Preparazione e fortuna - Il territorio oggi ha retto, ma i fenomeni estremi si intensificano. Significa per voi dover fare di più? «Abbiamo già iniziato reagendo alla tragedia del 2014, sia dal profilo organizzativo sia da quello delle leggi applicabili e, compatibilmente con i mezzi a disposizione, anche sul terreno. A inizio agosto faremo una nuova riunione di debriefing per discuterne. Cerchiamo di imparare da ogni lezione che riceviamo. Non è tutto merito nostro, perché a Gandria siamo anche stati fortunati. La sicurezza assoluta non esiste» dice Zali.

Anche l'edilizia va adattata - Paradossalmente il dramma peggiore, più che da una riva scoscesa, poteva verificarsi sotto la pensilina della stazione di servizio crollata a Grancia. «Anche l’opera dell’uomo va rimessa in discussione e la nuova legge edilizia, al vaglio del Parlamento, lo fa introducendo maggiori esigenze» nota Zali. Sul costruito in generale, il consigliere di Stato sottolinea come «sovente i manufatti risalgono a molti anni fa in situazioni, con conoscenze e con una cultura diversa del territorio. Ci ritroviamo infatti ad avere sempre gli stessi punti in difficoltà, perché si tratta di costruzioni che oggi non verrebbero più autorizzate». Ad esempio le case nell’alveo allargato della valle sopra Bissone.

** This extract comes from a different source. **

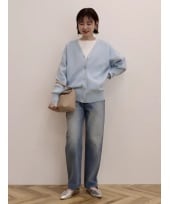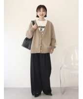 【着用サイズ ニット:M カーディガン:F】柔らかく温かみのあるニット素材で、見た目にもやさしい印象のカーディガン。マットな表面感なので、きれいめになりすぎずデイリーに使いやすい素材感です。
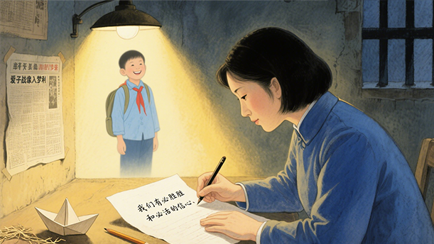 江竹筠在得知自己即将被敌人杀害时,将唯一的儿子托给表弟谭竹安,并一再叮嘱“盼教以踏着父母之足迹,以建设新中国为志,为共产主义事业奋斗到底”。信里满载着一名母亲对儿子浓浓的思念。

L'impatto finanziario delle piogge - Non è la pandemia, ma quella climatica resta un’emergenza che può fare altrettanto male. «La politica finora non ha fatto difficoltà nel comprendere queste necessità. Siamo fortunati ad avere le risorse, come nazione e come Cantone, per poter realizzare l’indispensabile». Anche perché come si suol dire in questi casi sono investimenti per evitare guai maggiori. ll bilancio resta provvisorio, ma una conta dei danni si può stimare: «Non sono crollati grandi manufatti, ma i danni restano nell’ordine dei diversi milioni di franchi. Ci sono disagi che non si vedono, ad esempio dietro a una strada intatta può esserci una camera di protezione che si è riempita di materiale e andrà svuotata prima della prossima grande pioggia». Si spera dunque in una tregua. Per farsi trovare pronti al prossimo evento epocale. Che non sarà fra trent'anni purtroppo.